### [DIRECTIONS]
A single number is expected: the count of lines in the records below that contain "parte".

### [DATA UNDER STUDY]
..............................

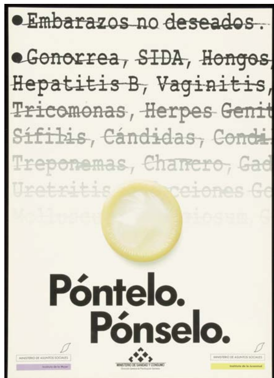
Foto 6. Campaña de publicidad del Ministerio de Sanidad. "Póntelo, pónselo".

Estas campañas publicitarias llegaron a la concienciación por parte de la opinión pública sobre la importancia del preservativo en la prevención de ETS y como dato objetivo se produjo un descenso importante
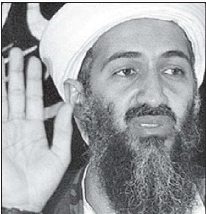
الشيخ أسامة بن لادن

الوادي الجديد غير أنه وقبل أن تتمكن من زيارته تم نقله الى سجن أبو زعبل. ومن المعروف أن رمزي الوافي تجاوز الأربعين عاماً وعمل طبيباً تشكو أسرته بأنه لم يزره أي طبيب قلب وغدد صماء وعظام أو رمد في السجن منذ عام. وقد توجهت العائلة مؤخراً ببلاغ إلى نيابة الخانكة في 22 أغسطس من أجل فتح التحقيق في الظروف والملايسات التي تسببت في أن يقدم رامى على الإضراب عن الطعام خاصة بعد تدهور صحته وتعرضه لمعاملة مهينة وصلت لحد تقديم أطعمه فاسدة ومياه مليئة بالديدان وكانت مصلحة السجن تقلت طبيب بن لادن من استقبالي طرة إلى سجن الوادي الجديد، لكنها رفضت الإفصاح عن مكان احتجازه لأسرته، مما جعلها تقيم دعوى قضائية للكشف عن مكان وجوده، وبعد العديد من المحاولات نجحت العائلة في معرفة مكان وجوده في سجن
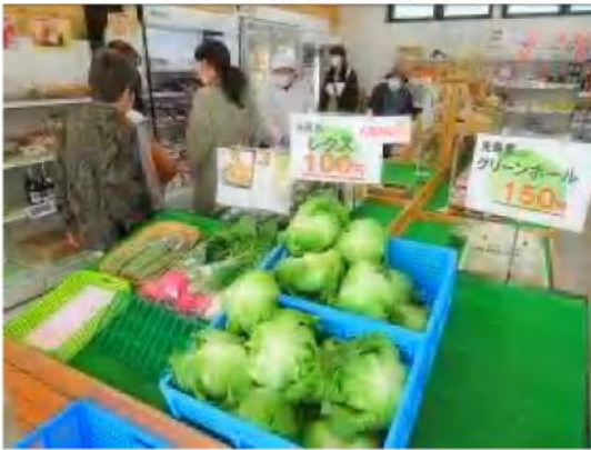
新鮮な野菜と加工品を求めて賑わう直売所アピス

1年の小規模な直売所だが、洗馬という野菜や果物の栽培が盛んな地域なので、他の直売所には無い魅力的な店舗を目指したい」と抱負を語りました。営業時間は、9時〜17時(日曜定休)
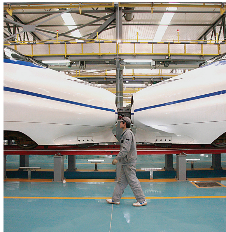
Для высокоскоростных магистралей понадобится новейший подвижной состав

Строительство высокоскоростной магистрали от Москвы до Санкт-
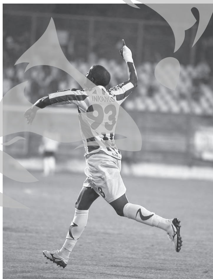
Inkango, unul dintre cei mai buni jucători ai Oțelului în prima parte a sezonului, va absenta mai bine de o lună
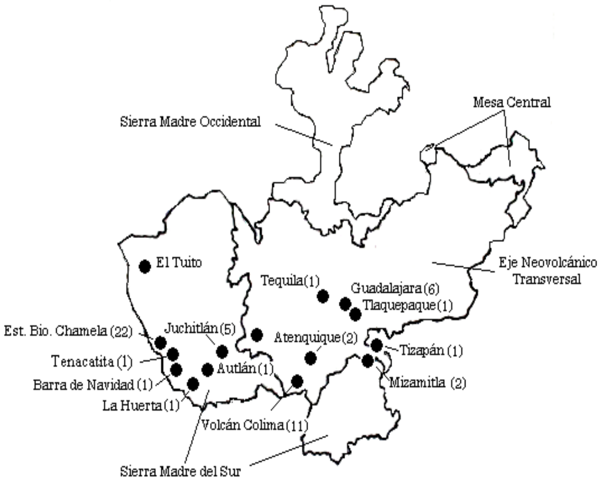
Figura 2. Provincias fisográficas y localidades del estado de Jalisco en donde se han descrito los taxones de estos grupos de escarabajos ambrosiales y descortezadores. Se indica en paréntesis el número de especies descritas de escolítidos de cada localidad. 1) Atenquique 2; 2) Autlán 1; 3) Carr. Barra de Navidad-Puerto Vallarta 1; 4) Estación de Biología Chamela 22; 5) Guadalajara 6; 6) La Huerta 1; 7.- Juchitlán 5; 8) Mazamitla 2; 9) Tequila 1; 10) Tenacatita 1; 11) Tizapán 1; 12) Tlaquepaque (?) 1; 13) El Tuito 1; 14) Volcán Colima 11; 15) Jalisco sin localidad específica 1 (Imagen tomada de INEGI, 1981).

Sin duda, la fauna de estos grupos en Jalisco es mucho más diversa en cuanto al número de especies se refiere, debido a la extensión territorial y los diferentes tipos de vegetación que aún quedan por explorar. Los estudios faunísticos de estos grupos de escarabajos, incrementarán de manera significativa el número de especies para esta región.
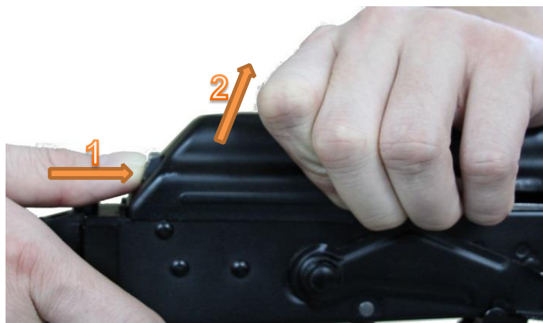
Fot. 7 Zdejmowanie pokrywy
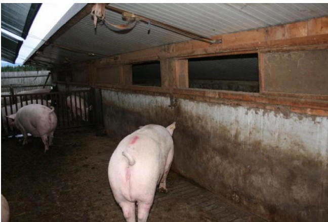
Abb. 10: Im Sommer sind die Holzschieber zur Belüftung ganz geöffnet.
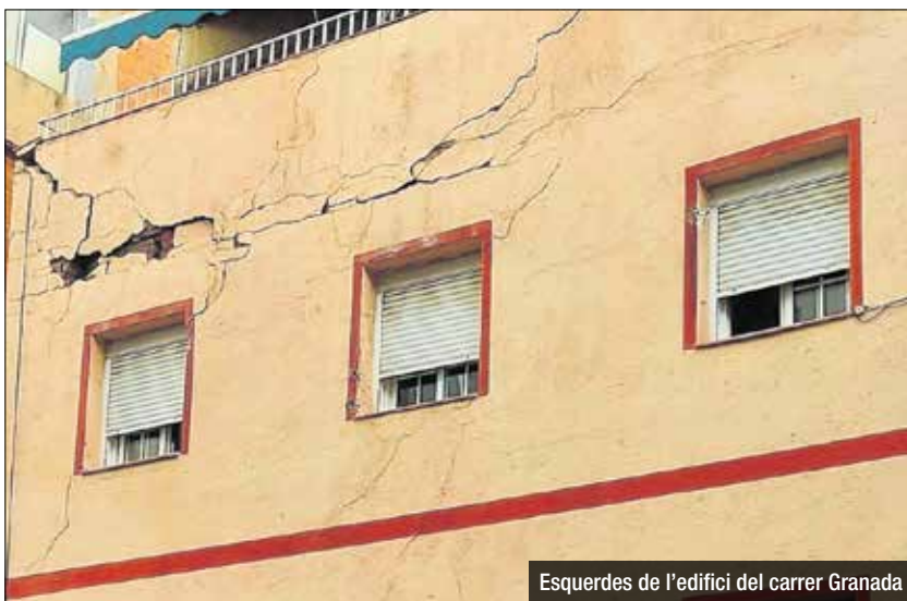
Esquerdas de l'edifici del carrer Granada

per a la seva millora i sanejament. D'altra banda, durant els pròxims dies també està previst descompactar el sòl d'alguns espais, en concret dels plataners al costat de la glorieta, el dels pins, els roures i els lledoners que hi ha davant de l'Escola Artur S' han realitzat una valoració de l'arbrat més afectat i han dut a terme proves de resistència a la caiguda, així com tasques de poda especial en alguns exemplars per a la seva millora i sanejament. D'altra banda, durant els pròxims dies també està previst descompactar el sòl d'alguns espais, en concret dels plataners al costat de la glorieta, el dels pins, els roures i els lledoners que hi ha davant de l'Escola Artur Martorell. Amb aquest treball s'aconseguirà una millor ventilació del sistema radicular de l'arbrat, així com una millora en la infiltració de l'aigua en el sòl.

..............................

### [REPLY]
2